Until sophomore year of college (a year ago), I didn’t know what it meant to be a Christian. In the beginning of that year, I went through a breakup that was very challenging. I had felt so vulnerable, so confused, and so alone. One night, I was awake in my bed, unable to sleep, and I just prayed. This reminded me of the book, “Are You There God? It’s Me, Margaret” because I was stuttering and stumbling over my words, nervous to speak, but I pushed through and just confided in Him. I spoke about what I was feeling in my heart and my frustration towards being a Christian. I prayed that He would give me strength and peace to work through the hurt and I asked for help with healing. When I woke up the next morning, it was like a light switch went off. I felt so calm and so at rest knowing that I had talked to God. I started looking up devotions and reading verses and more than ever I felt God speak to me.

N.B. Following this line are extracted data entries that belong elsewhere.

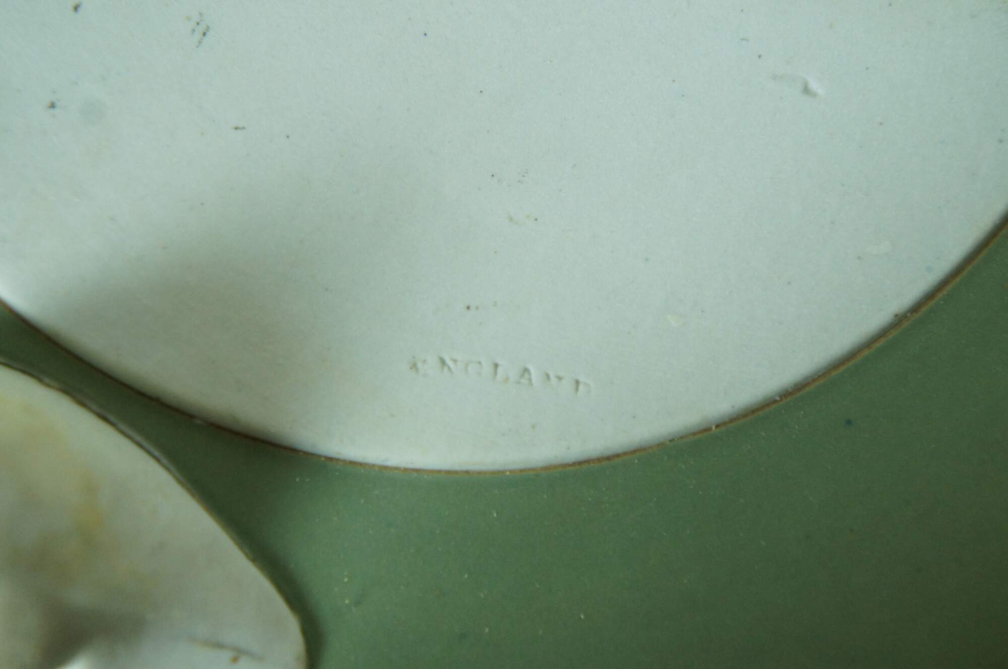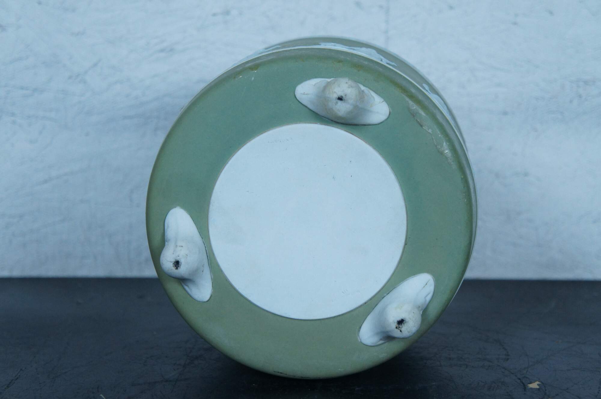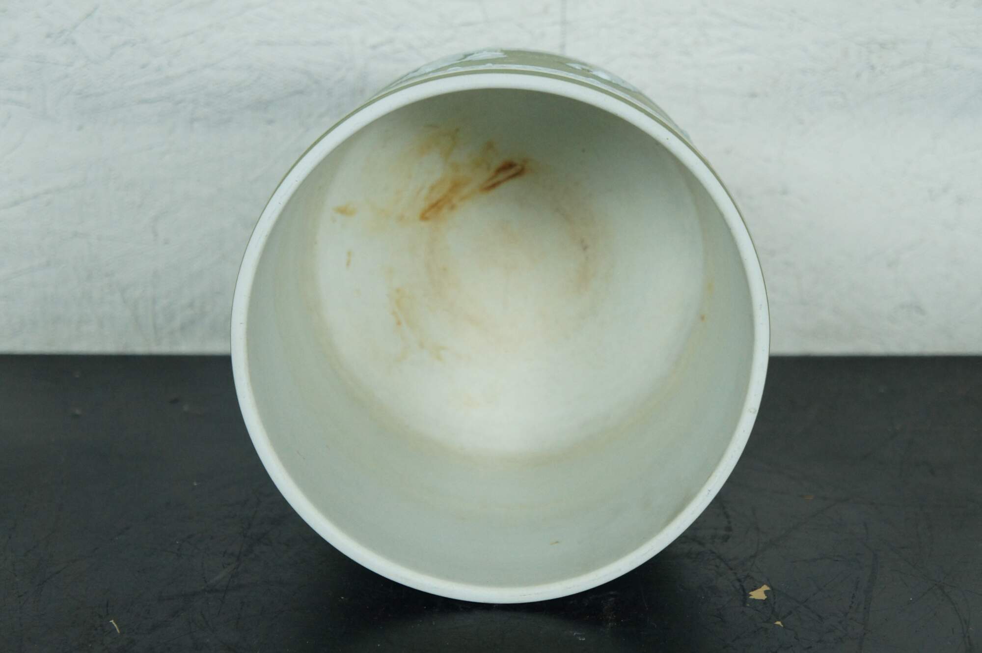 Rare antique Wedgwood England jasperware planter / cachpot / jardiniere. White on green jasperware featuring Wedgwood's traditional neoclassical array of figures and trees below a band morning glories. Cylindrical form with ball feet. Marked 1/1 on base.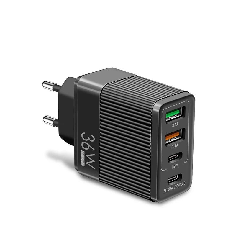 Özellikler:Ürün adı36W 4 Port USB Şarj CihazıRenkSiyah/BeyazMalzemePC+ABS yangına dayanıklı malzemeBoyut50*25*90mmAğırlık55gGirişAC100-240V 50/60Hz 0.5AÇıktı5V/4A 9V/2.4A 12V/1.8AProtokollerPD/QC3.0TipAB FişiGüç36W Paket içeriği:1 x 36W 4 Port USB Şarj Cihazı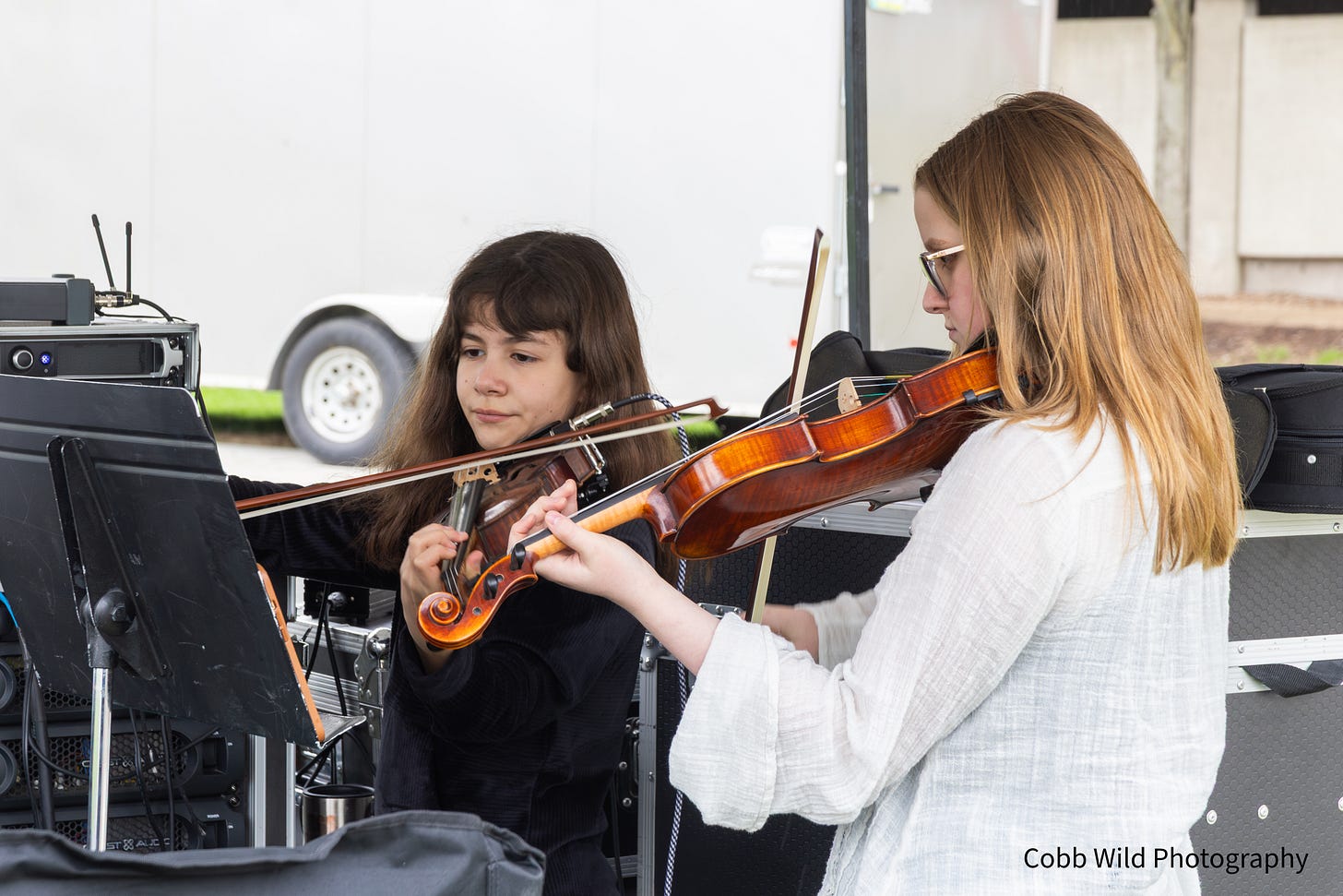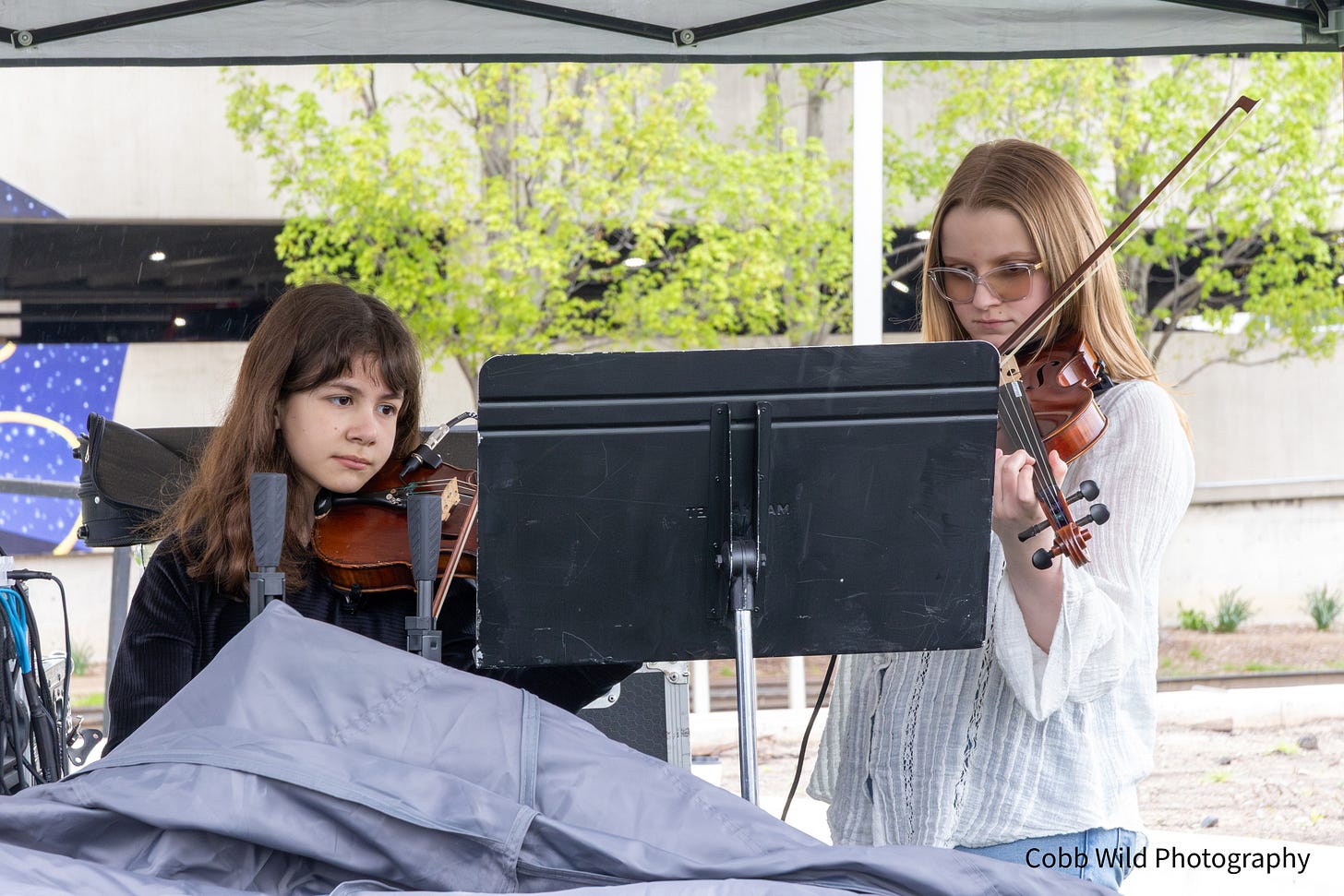 Janset Celik (left) and Mira Gibbons (right) play their violins during the Freedom Feastival on Friday May 2nd. Celik has been playing the violin for nine years while Gibbons has been playing for ten years.

Last summer, I went to Tanzania. I first stayed in a Maasai village then climbed the tallest free-standing mountain in the world, Mt. Kilimanjaro. It was God who got me to the top of that mountain. It was God who showed me the magic of a country and culture so unlike my own. My experience on top of Mt. Kilimanjaro was something I will never forget, no matter how foggy and miserable some nights were. At the top of that mountain, I will never forget how it felt to be finished. And to have truly accomplished something so rare. I will never forget how vulnerable the experience made me feel, and how much I clung to my family and life back home in times of trouble. I learned that it’s okay to cling to them when I’m at home, too. I will never forget feeling the Lord move and work through me.
I’ve made it a priority to live out God’s word, spreading love and finding beauty wherever I go. The budding of this relationship has been such a blessing to me. Over the last couple of years, I’ve found a lot of peace and strength in knowing that through trials and struggles, God is putting me where He wants me to be and He has a plan for all of it. I might not know what’s going on right now or why He’s pushing me in this way - in a way that is so out of my comfort zone and in a way that leaves me so fragile - but I’m excited to get to the point where I can say, “Ohhhh, THIS is what He was talking about!”